Monday, September 12, 2011

Of Struts and Chryslers

Two weekends ago I had opportunity to drive my wife's van (a Dodge Grand Caravan), which I don't do very often.  This vehicle is 11 years old, has 155,000 miles on it, and is really starting to show it's age. But it still runs well.  She had been complaining about the front struts not being right and making strange noises, but I had not really driven it to see what she was talking about.

During this drive, which was about an hour of about 80% interstate and 20% surface streets getting to and from the interstate, I couldn't believe how bad it was.  It seemed that every ripple and tar strip in the road was going to bounce me off the road.  I called the mechanic on Tuesday and had it in Wednesday morning first thing.  Well, this began my education in the foibles of Chrysler minivans, circa 1996 to about 2004 (which I think they call "Gen. 2")

Wednesday after lunch the mechanic calls and says that the top strut mount is completely rusted through, and there is no way he can put a strut in there.  This is the spot in behind the wheel well where the top part of the strut attaches to the body/frame of the van.  Of course, I am now having visions of having to purchase a new vehicle for my wife in the next few days.  Then I remember a little tidbit of information I got a couple of months ago.  In my mind this is an example of how God acts in our lives and we don't even notice it.

At that time, we had had several major storms go through in the space of a week or so, and there was some serious water on the road.  My wife had driven home from her mom's after one of these storms, and upon arriving at home told me that the "transmission light" was on, and she was afraid the transmission was failing.  Well, what it really was was the "Check Engine" light, so I took it over to the local auto parts store and had them put their code reader on it to see what was going on.  It was nothing more than an oxygen sensor.  The clerk asked if we had driven it through any water lately (which obviously my wife had during the storms) and said that this was a common thing to happen.  During our conversation he said that he had owned a couple of Grand Caravans and had really liked them, but they had a problem with strut mounts rusting through.  My ears perked up at this and I told him I had a lot of rust on one my mine, and he told me that Chrysler had so many problems with it that they had made a little kit that you could install to fix it fairly cheaply.  Well, I filed that little bit of info away for later use, little knowing that I would need it really soon.  But God did.

So, back to the present, I mention this to my mechanic, and he says he will look into it, and lo and behold the dealer has a kit and so he is going to go ahead and see if it will work.  A day and a half later, after installing the repair kit (which he said worked better than he though it was going to), two new struts (completely shot, fluid completely out of them), a new tie rod on one side, and $1500, my 11 year old van now rides and handles like it's almost new again!  And I'm not making another car payment for the next 4 years!
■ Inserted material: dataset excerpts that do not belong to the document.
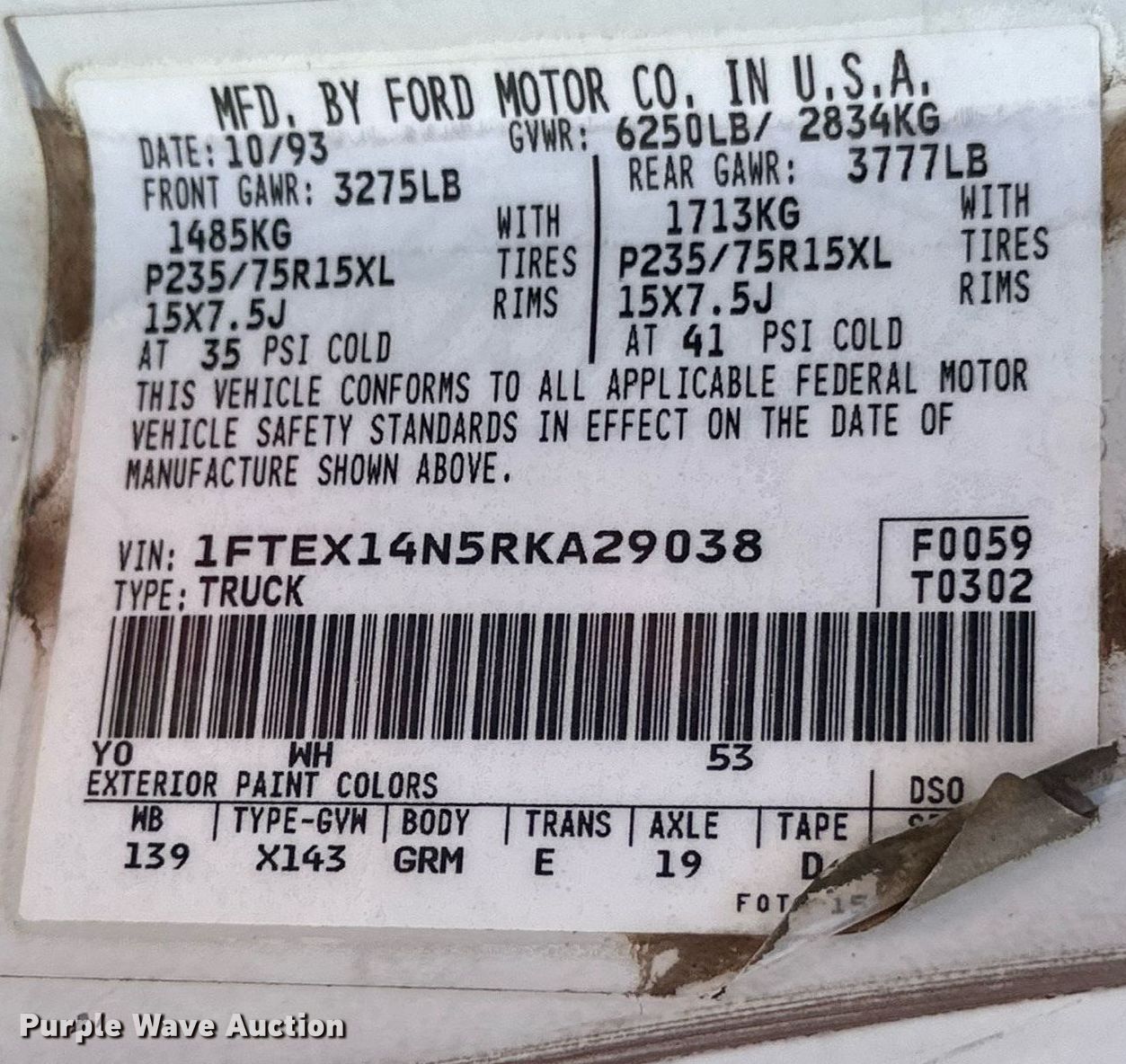 Purple Wave is selling a used 1/2 Ton Pickup or Van in Oklahoma. This item is a 1994 Ford F150 SuperCab pickup truck with the following: Miles: 198,358 on odometer, VIN: 1FTEX14N5RKA29038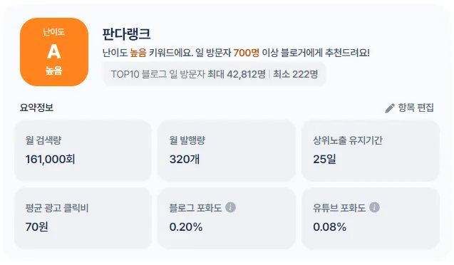 키워드 난이도 : 상위 블로거의 일 방문자 수를 계산해 난이도를 측정했어요.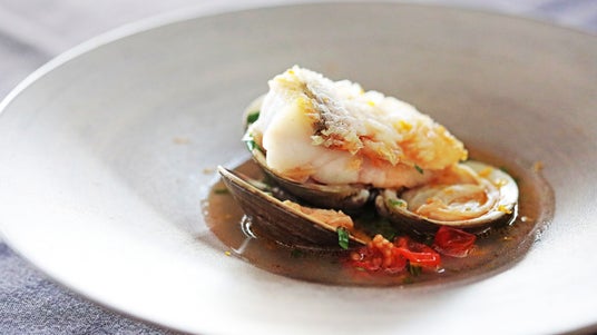 旨味の強い十豚(じゅっとん)を香ばしく焼き上げ、芹の風味を生かしたソースで仕上げた一皿。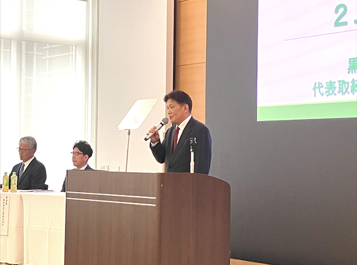 冒頭、黒﨑 伸介 会長(黒崎建設株式会社 代表取締役社長)より、「宮栄会は、安全・品質の向上に加え、環境配慮や持続可能な社会の実現に向けた活動を協力会社と共有し、共に成長を目指す組織である」との挨拶があり、今後のビジョンが力強く語られました。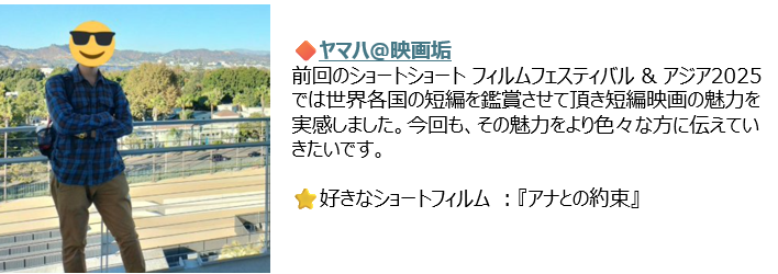 SSFF & ASIA 2025 秋の国際短編映画祭では、常日頃よりSNSで映画情報を発信している、映画愛あふれるレビュワー総勢30名の方々に、秋の国際短編映画祭SNSアンバサダーに就任いただきました。事前試写を行い、おすすめ作品を紹介いただくほか、アンバサダーが審査したBEST3ショートフィルムをオンライングランドシアターで10月22日より特別配信いたします。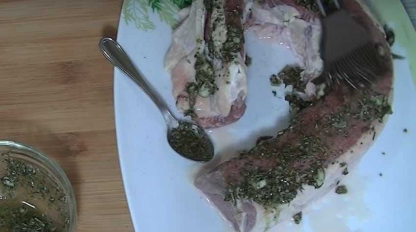 5. Полученной смесью специй и масла обмажьте мясо со всех сторон.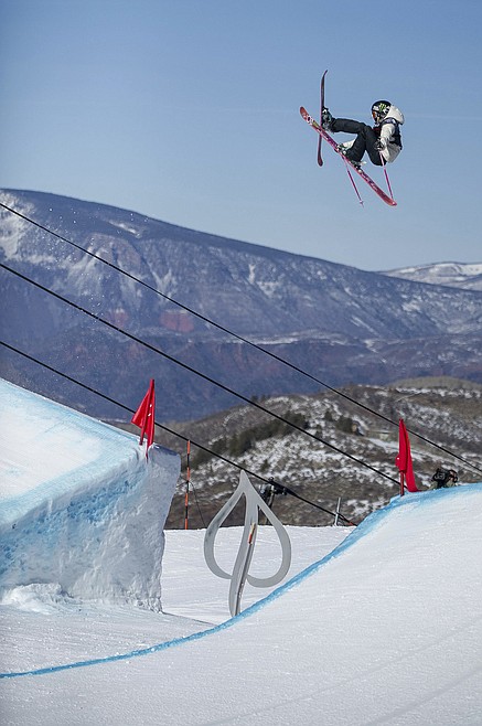 Maggie Voisin skis during her first run in the women’s slopestyle finals in Snowmass, Colo., Sunday, Jan. 14 (Anna Stonehouse/The Aspen Times via AP)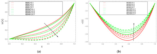Table 1 presents the thermophysical characteristics of copper (Cu), aluminium oxide () and the base fluid blood. The comparison between our suggested model and Ijaz and Nadeem [11] is shown in Table 2. The results show that there is a very excellent and satisfying agreement. Figure 1 explains the influence of the magnetic parameter M on the velocity profile w(x). Applications of magnetic fields that regulate blood flow for medical purposes heavily depend on the magnetic coefficient M. It has been noted that as the value M rises, blood flow falls. The effect of the Brownian motion parameter on the velocity profile w(x) is seen in Figure 2. This image illustrates how velocity rises as increases, meaning that when nanoparticle size is tiny, blood flow increases.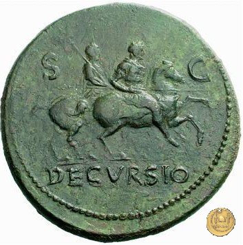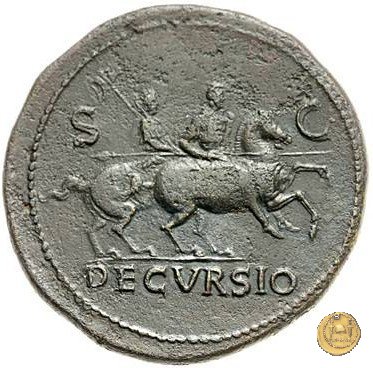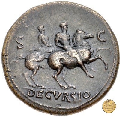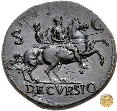 CLM262 Obverse: ↻ IMP NERO CAESAR AVG P MAX TR P P P Testa di Nerone laureata rivolta verso sinistra. Globo all'apice del busto. Reverse: → DECVRSIO (esergo); S - C Nerone, corazzato e con mantello sventolante, che galoppa verso destra su di un cavallo con in mano una lancia. Dietro di lui, un soldato che galoppa con un vessillo poggiato sulla spalla destra. | |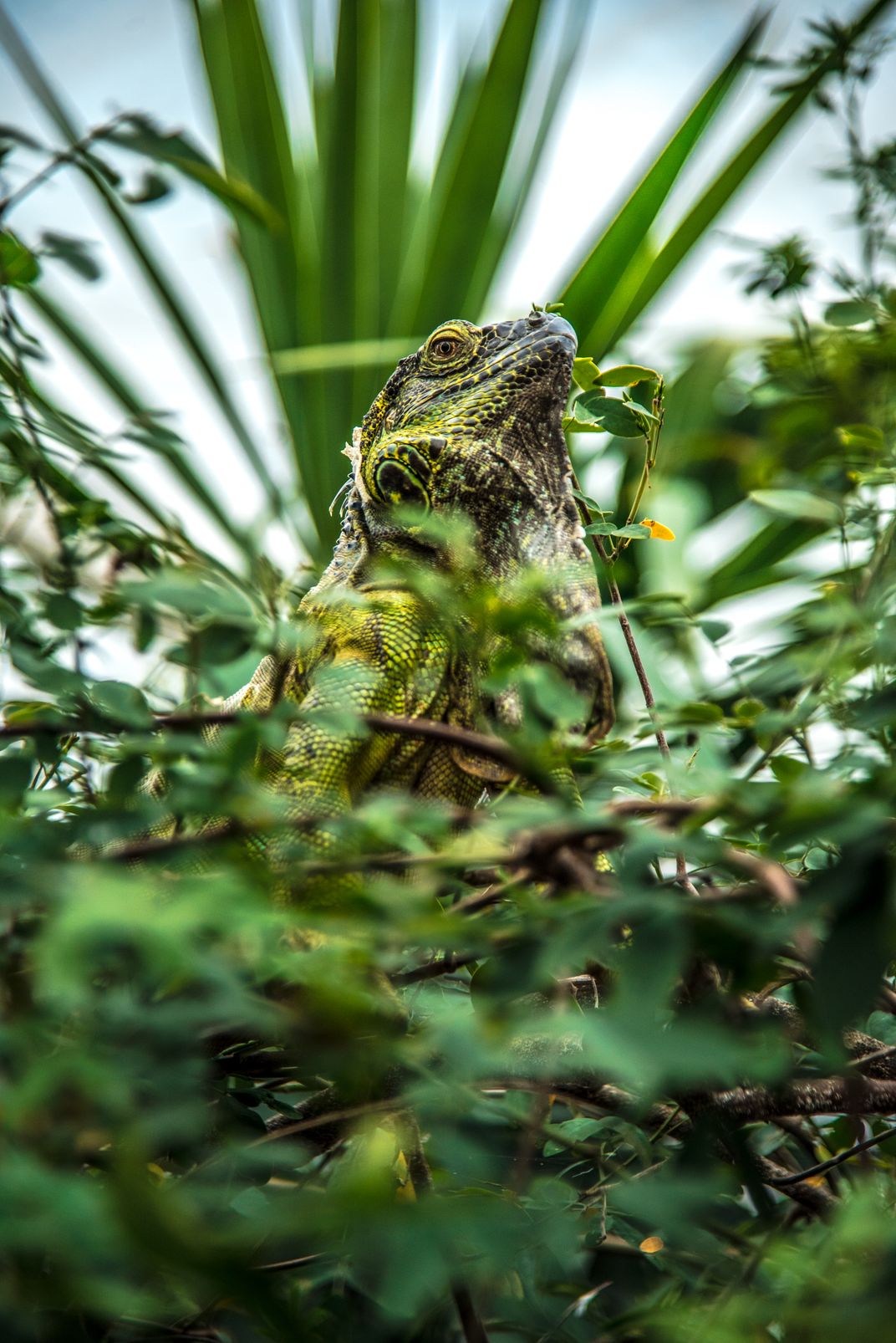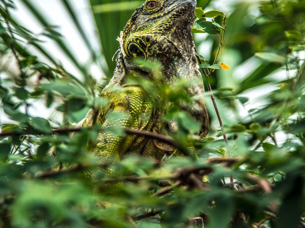 A green Iguana hides amongst the foliage, hidden and watching from high above the ground.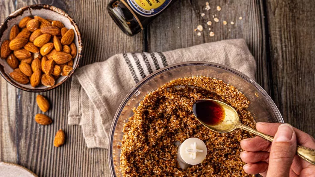 100 g de tâmaras secas – 100 g de amêndoas – 40 g de aveia – 2 colheres de chá Kikkoman Molho de Soja Fermentado Naturalmente – 2 colheres de sopa de manteiga de amêndoa (manteiga vegan)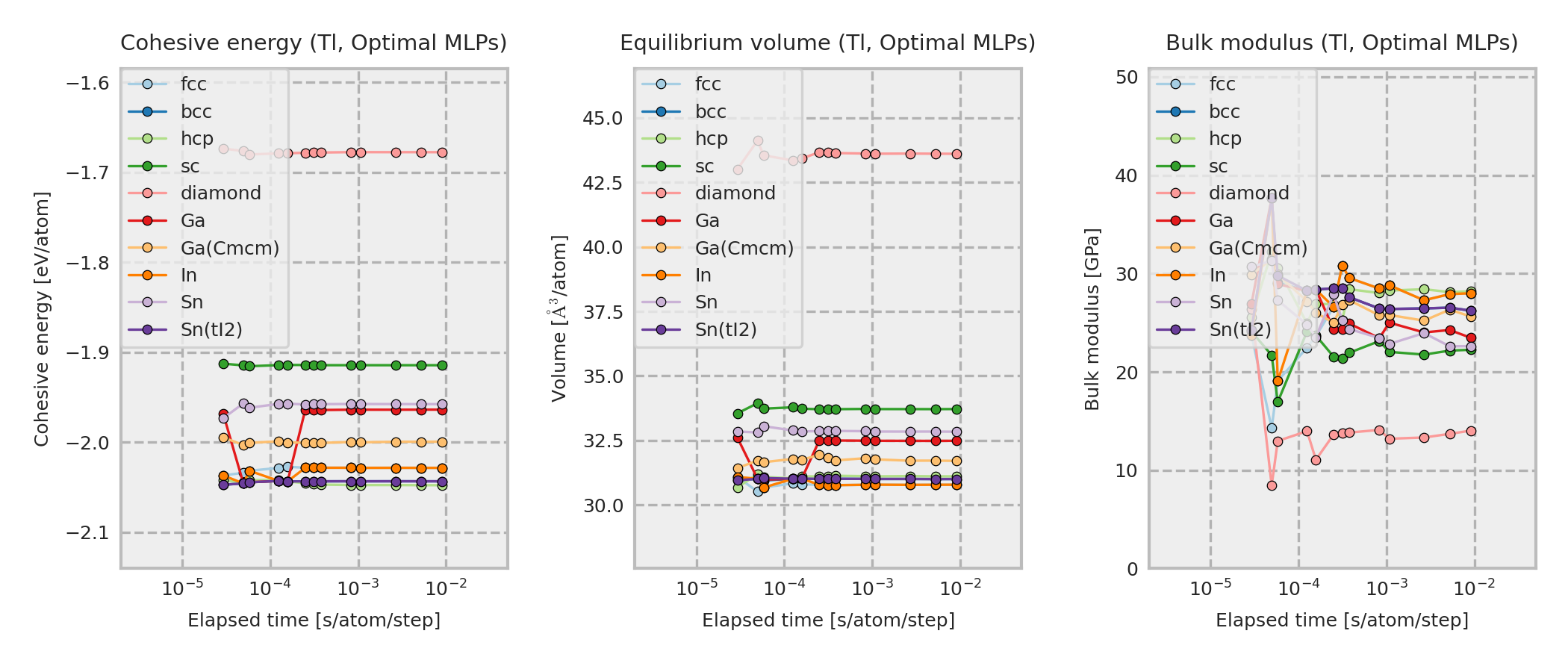 These properties are calculated for MLP equilibrium structures obtained by performing local structure optimizations from the DFT equilibrium structures. These DFT equilibrium structures are obtained by optimizing prototype structures that are included in ICSD. As a result, the structure type of the converged structure may sometimes differ from the one shown in the legend.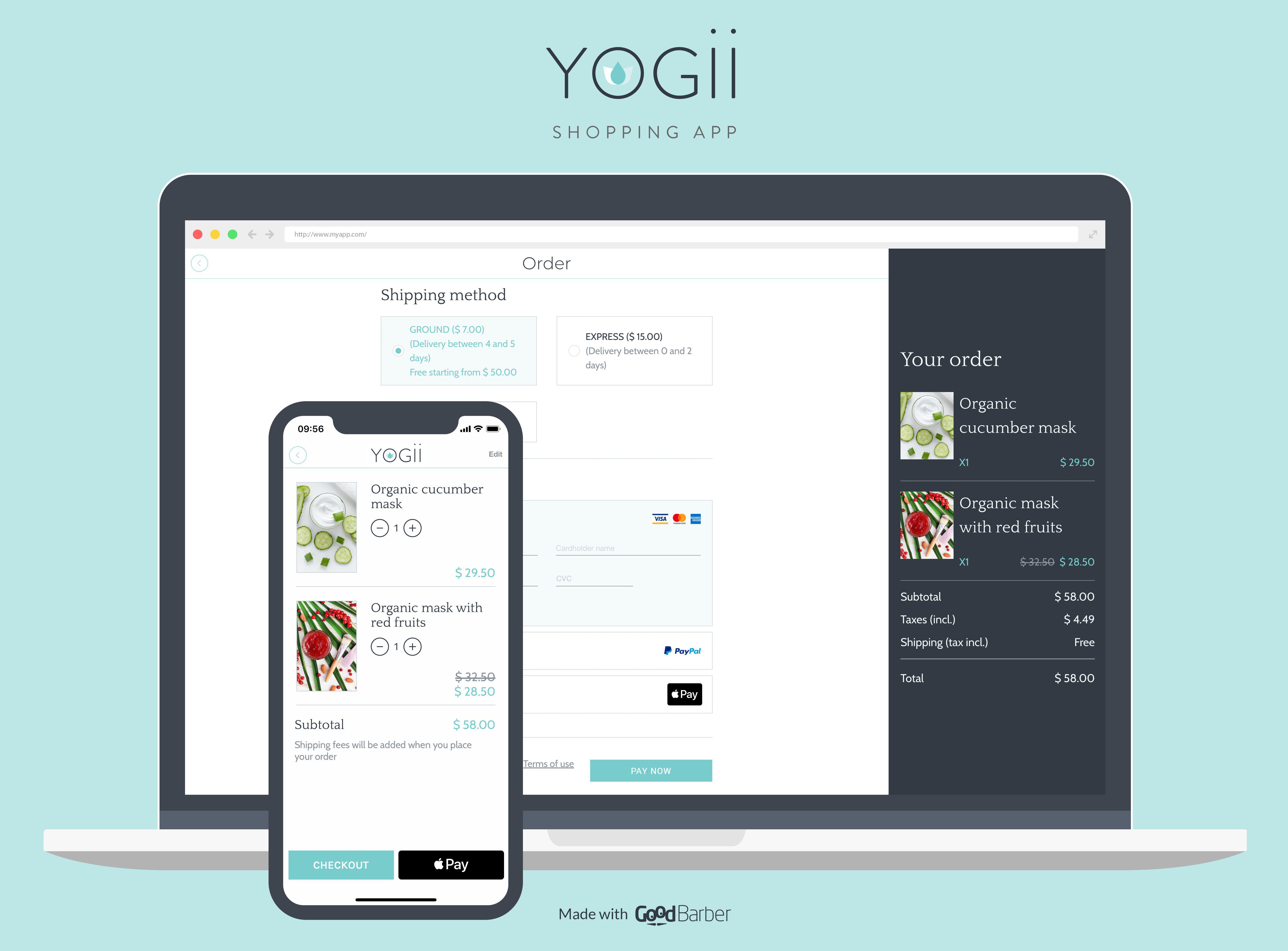 Con le Shopping App di GoodBarber avrai a disposizione un'ampia scelta di bellissimi temi per creare un'esperienza di shopping elegante e intuitiva. Con la nostra modalità di anteprima, puoi visualizzare facilmente tutti i passaggi dal lato dell'utente. Inoltre, i tuoi clienti possono acquistare i tuoi prodotti tramite Apple Pay, con carta di credito o PayPal.
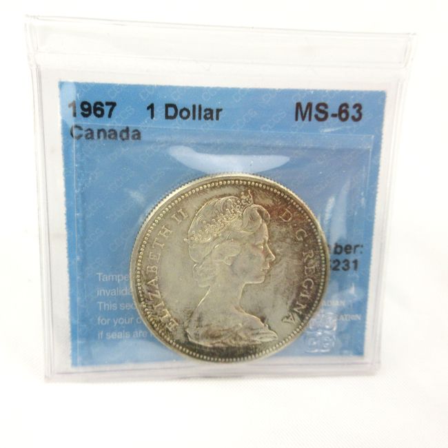 Current Bid: $29.10 [Refresh Price]YOU WILL NEED TO REFRESH THIS PAGE TO SEE UPDATED BID (Log in and this will update automatically) You must LOG IN or REGISTER to see this full page auction listing and bid. Auction is Over Winning Bid Amount: $29.10 **Lot Details: (LOT: D85) - 1967 Canada 1 Dollar coin, CCCS graded MS~63, 80 per cent silver, 23.3 g Log in to add this lot to your watch list or place a bid |
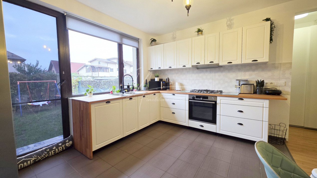 Cu o arhitectura practica și un design interior contemporan, aceasta locuinta te întampina la parter cu un living generos, inundat de lumina naturala, perfect pentru serile în familie sau pentru clipele tihnite de relaxare. Bucataria deschisa, complet mobilata si utilata cu electrocasnice moderne, iti ofera libertatea de a gati cu placere, fara compromisuri. Tot aici, un grup sanitar elegant completeaza perfect spatiul.

On Saturday, wife goes out to a friend's house.  She gets back around midnight, and tells me "the (power) window won't close on the passenger side door".  Well, I wasn't going to go out at midnight to try to fix it.  We have already had trouble with these windows, and the drivers side doesn't work at all, but now the other window is stuck in the full down position.  So the next day after church I get on the internet and start searching, and wouldn't you know, Chrysler has had window motor problems with their minivans for a long time as well.  Indications are that it is a problem with the brushes in the motor, but of course you can't just buy the brushes, you have to buy the whole motor.  But I also found out that if you hold the switch in the "up" position while slamming the door, the window will move.  This did, in fact, work, and I was able to get the window up from the fully down and inside the door position to where I could pull it up and help the motor.  Banging on the motor with the handle of a screwdriver helped as well, and I got the window up.  So now the van is drivable in all weather conditions, not just when there is no rain in the forecast!

All I had to spend for that one was about $3.00 for the little door panel fasteners to get the inner panel put back on.

My conclusion is that cars are a pain, but I'm glad I don't have to walk to work.